There is an ominous aura about the headless man centered in “GOLDEN AGE No: 1: ‘Compensation’.” His memory is ostensibly linked with a turbulent political moment defined by the long shadow cast by the fate of Adnan Menderes and the historiographic ambiguities that arise in the absence of social cohesion on a national scale. “GOLDEN AGE No: 1: ‘Compensation’” includes an essential image of five figures standing before a rural scene. Özdemir has conceived that part of his work to refer to the building of a specific ship named “Tatvan,” made to sail on Lake Van in eastern Anatolia between 1948 and 1955.
The story of Tatvan is a metaphor, clarified by Özdemir’s able hands, for the saga of 20th-century modernization that Turkey faced head-on, confronting a blank slate in which the past was being refashioned for the conveniences of its contemporaries.
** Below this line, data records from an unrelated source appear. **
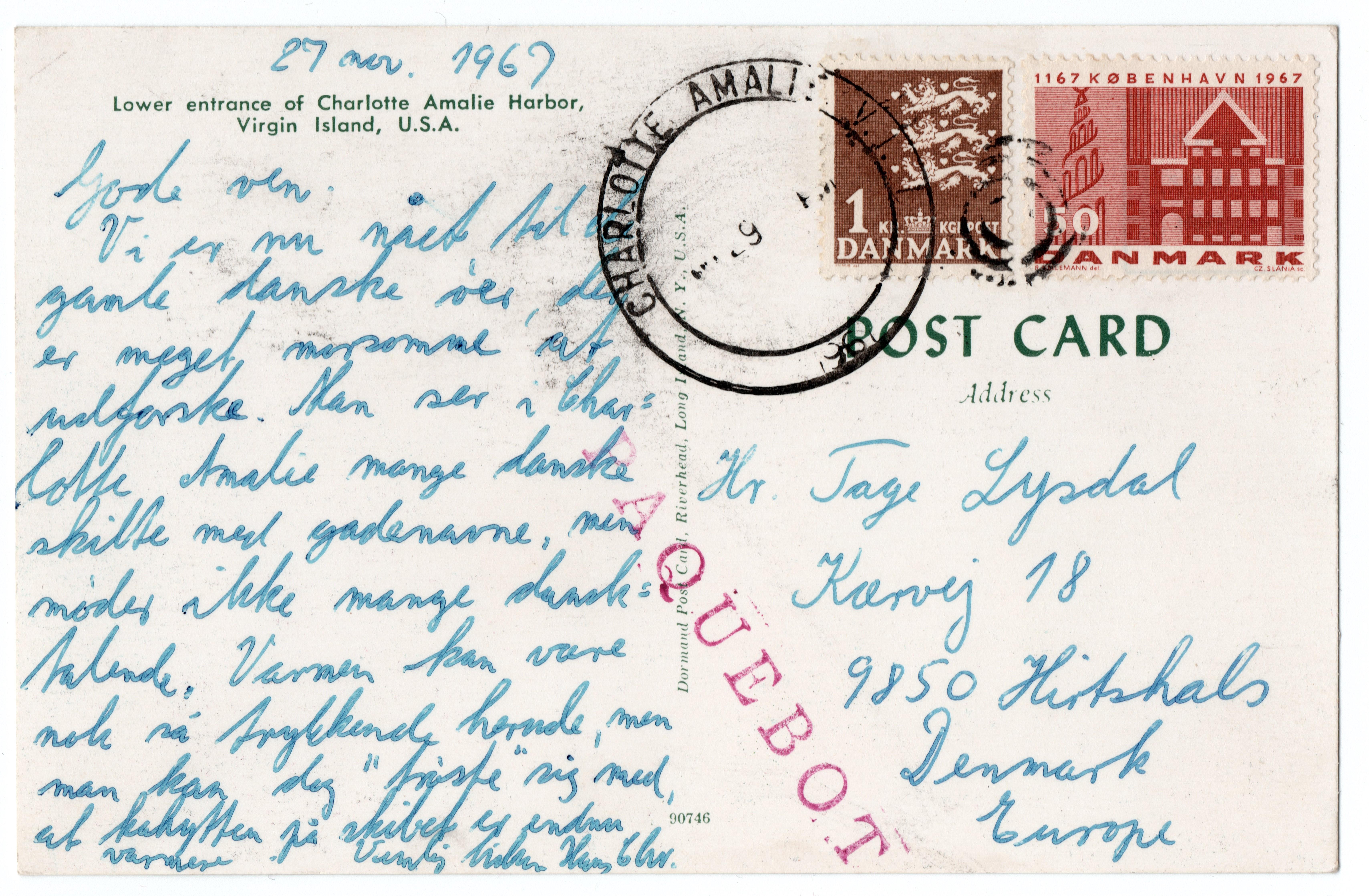 Eet Paquebot postkort fra Charlotte Amalie sendt i 1967
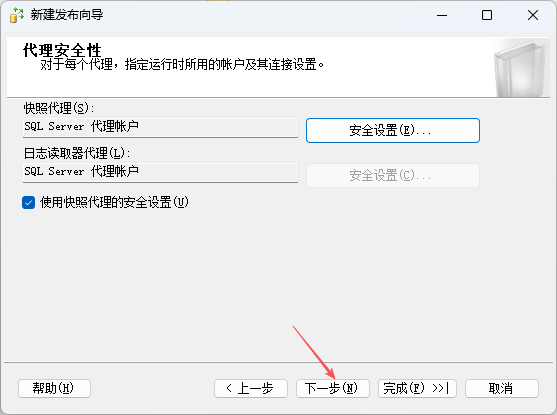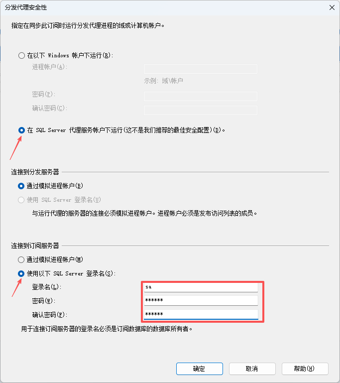 7.  选择在sqlserver  代理服务器下运行,用登录名登录,输入订阅服务器登录名的账号密码
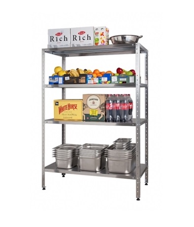 Стеллаж производственный серии «Нормал» СтПН.Стойки выполненны из нержавеющей стали. Стеллаж предназначен для размещения, складирования и хранения товаров, сырья, продуктов в торгово-выставочных залах, производственных помещениях и других объектах.
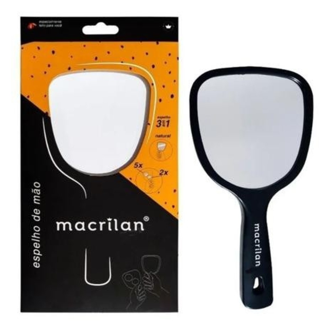 Espelho Triplo de Mão da Macrilan ES-02 especialmente desenvolvido com 3 espelhos, um com visualização natural, um com aumento 2x e um com aumento 5x, indicado para visualização do rosto e da pele com maior facilidade e praticidade.
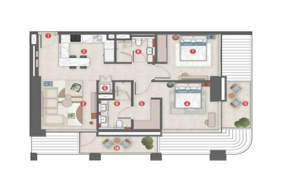 Sie brauchen einen Platz zum Arbeiten oder für eine Besprechung? Hierfür stehen den Bewohnern Co-Working-Spaces, Besprechungsräume und Arbeitspods zur Verfügung. Der 24/7-Sicherheitsdienst, die Rezeption und der Concierge-Service sorgen für Ruhe, während die Smart-Home-Technologie einen Hauch von Modernität in Ihr Wohngefühl bringt. Hausmeister-, Wäsche- und Wartungsdienste sind ebenfalls auf Anfrage verfügbar und machen das Leben zu einem Kinderspiel.
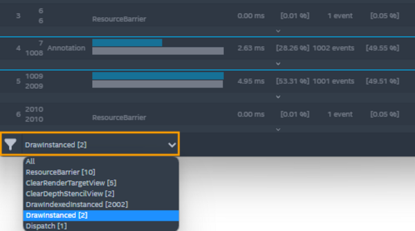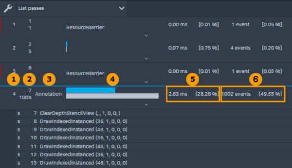 Use the Expand button to see the list of graphic events in the render pass. All events that perform reads from CPU-produced resources are marked with s on the left. Additionally, Resource Barriers are marked with a red bar on the left.
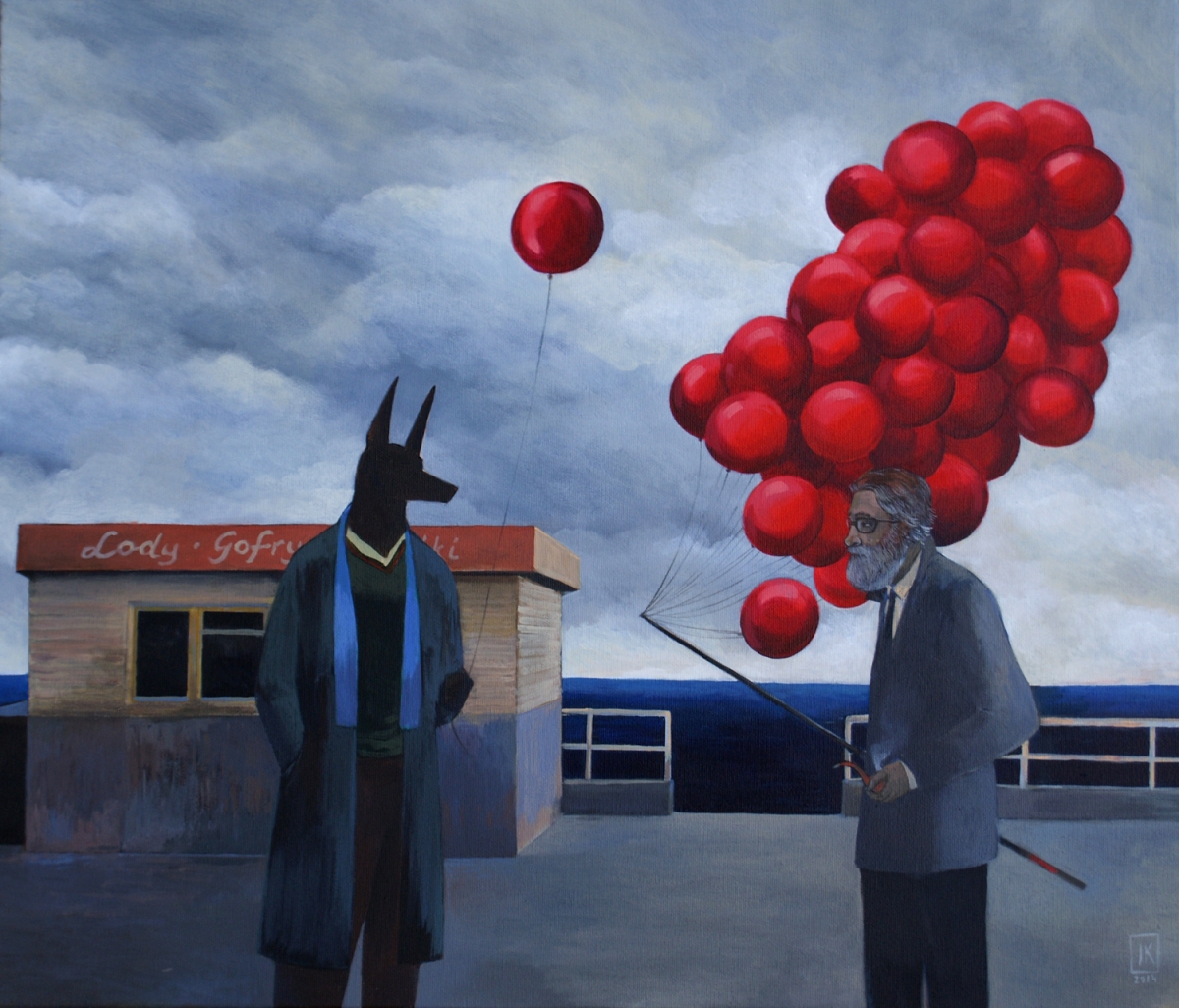 Joanna Karpowicz – komiksowe malarstwo ← Poprzedni Następny → Joanna Karpowicz, „A gentle monster passing by” (źródło: materiały prasowe organizatora) Joanna Karpowicz, „Anubis and red baloons” (źródło: materiały prasowe organizatora) Joanna Karpowicz, „Higher”, 2014 (źródło: materiały prasowe organizatora) Joanna Karpowicz, „Sandy”, 2013 (źródło: materiały prasowe organizatora)
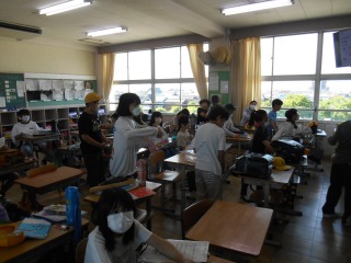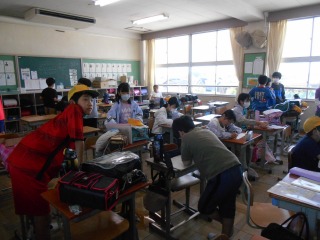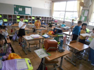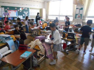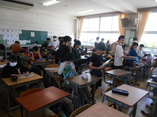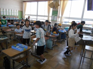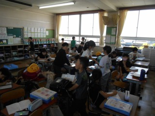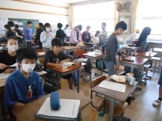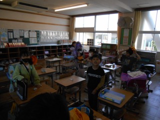 仲良くお話をしながら準備をしていました。今日は中学年と支援学級の読み聞かせがあります。
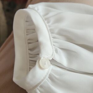 Women's size large Worthington white lightweight long sleeve blouse. Pretty lace accents on the sleeves. Button cuffed puffy sleeves. Pleated neckline. Top is airy and flowy. Excellent used condition. Pit to pit measures about 22".
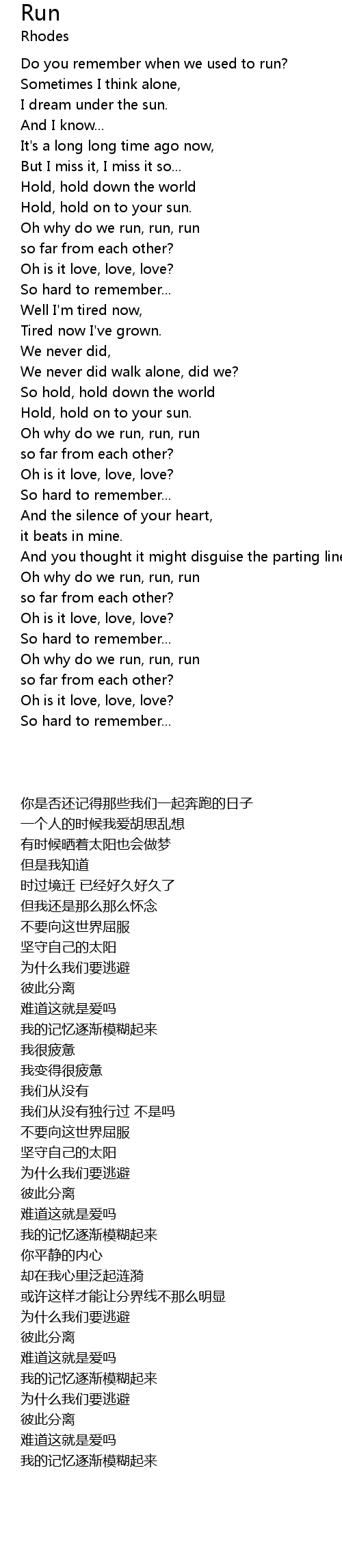 | [01:19.65] | Oh why do we run, run, run |

Similarly, in early works Özdemir would quote from the range of art history, painting miniature paintings within a scene in which his self-portrait sat beside white, unpainted canvases. In other words, or images, Özdemir seems to be saying, with paint, that Turkey’s artists are often at a loss for their history and must find it at the edge of a backyard fire, in the hands of an elder bent on forgetting.
In Özdemir’s modest Yelde%u011Firmeni studio, he has the stack of photos that he saved from his grandmother’s sacrificial rite. In one of the bent pictures, his grandfather is leaning on the hood of a classic 50's automobile, wearing work clothes in the typical air of the day. He is accompanied by a woman and a blonde boy. They are surrounded by a forested highway. Özdemir cites the 1930 William Faulkner novel “As I Lay Dying” as inspiration, not only for the relative concurrence, but for the fragmented anti-formalism of its narration. And it was an epistolary literariness that fired his imagination as he read the back of the photos.
In the painting, “GOLDEN AGE No: 3 ‘The Host’” (2021), Özdemir does not bother with multiple frames, instead of merging that heirloom roadside picture with a mythical eruption of themes that speak directly to how Özdemir has attempted to understand the social ambiance and the political mood of his grandfather's day. The piece features a beast, a Leviathan as the artist calls it, strung up against a tree. He is asking that eternal question of how to check power when a society of so-called equals upholds the enforcement of rules. But holding his humble ground, his grandfather stood up with a confident poise, ready for the road ahead.